Here, two recipes: Green Tomato Chow-Chow and Roasted Green Tomato Soup. The former a staple in the south, the latter a bright ray of sunshine in a darkening fall kitchen. If these don’t do it for you, give last year’s ode to fall a whirl. You can’t go wrong with any of these.

Green Tomato Chow-Chow

Use this uniquely southern condiment on greens, black-eyed peas, pork chops, chicken, BBQ sandwiches, and in salad dressing (or stir it into the soup that follows). Add finely chopped white cabbage if you like. This recipe scales up easily and can be canned for winter time. This particular recipe makes one pint.

Ingredients

1 1/2 cups chopped green tomatoes

1 or 2 Thai chilis, diced

1/4 cup diced onion (about 1/4 a large-ish onion)

1/4 cup diced celery (1 stalk, give or take)

1/4 teaspoon salt

1/2 teaspoon mustard seed

1/8 teaspoon turmeric

1/8 teaspoon nutmeg

5 or 6 black peppercorns

1/2 cup sugar

1/4 cup apple cider vinegar

1/2 cup drained tomato juice

Optional: 1/4 teaspoon fennel and/or coriander seed

Method

Dice the green tomatoes, Thai chili, onion, and celery. Place in a glass bowl and add salt. Stir, then cover with plastic wrap and let sit, at least four hours but preferably overnight.

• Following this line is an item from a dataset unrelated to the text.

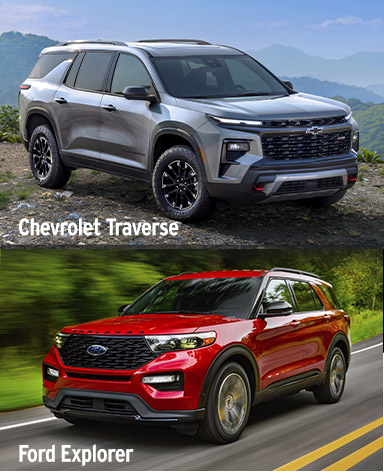 Chevrolet versus Ford. Regardless of the vehicle type, car shoppers often find themselves comparing choices from these iconic American brands. And if you’re thinking about buying a new three-row crossover SUV, you could very well end up cross-shopping the 2026 Chevrolet Traverse and 2026 Ford Explorer.
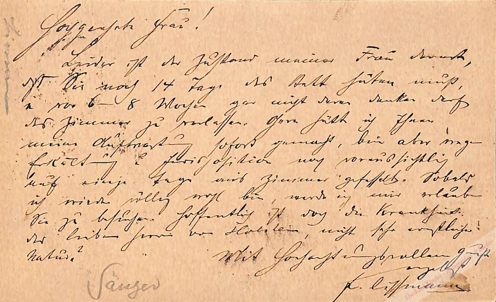 An Hedwig v. Holstein wegen eines geplanten Besuches. – Der in Berlin geborene Sänger wurde 1883 als Nachfolger von Eugen Gura nach Hamburg berufen.

Place a mesh sieve over a bowl and strain the vegetables, reserving the liquid. Pack vegetables in a pint jar. Measure spices and place on top of the vegetables.

Heat sugar, vinegar, and a 1/4 cup of the reserved tomato liquid in a heavy saucepan until sugar dissolves. Let cool slightly, then pour over vegetables. Let cool to room temperature on the counter, then refrigerate. Only gets better as it sits, but unless you preserve it, eat in a month or less.

Roasted Green Tomato Soup

This soup is quite accidental and made from the bits and bobs of my CSA, herbs grown on my porch, and stock made from vegetable peelings from the summer. This particular batch of stock featured corn cobs and fresh fennel, both delicate, subtle flavors that actually manage to lift the soup to a whole other level. Roasting the tomatoes and caramelizing the onions coax the last bit of summer’s sweetness from both. As with its red brethren, this soup goes well with a buttery, gooey grilled cheese.

Ingredients

2 pounds green tomatoes, cut into quarters for roasting

Olive oil

3 cloves garlic

1 medium onion, diced

1 tablespoon fresh thyme

3 cups vegetable stock

Salt and pepper to taste

2 cups arugula (ish)

Optional garnish: thinly sliced scallions

Method

Preheat oven to 400 degrees. Toss green tomatoes and whole garlic cloves in olive oil and season with salt and pepper. Roast for 40 minutes.

In a large stockpot, heat another two tablespoons of olive oil. Add onion and cook on medium-low until caramelized (around 30 minutes, so start these when you put the tomatoes in the oven).

Add roasted tomatoes and garlic and stir to combine. Add fresh thyme, salt, and pepper and cook for two minutes. Add stock and arugula. Bring to a simmer and cook for 10 to 15 minutes.

Use an immersion blender (or regular blender) to puree the soup until smooth.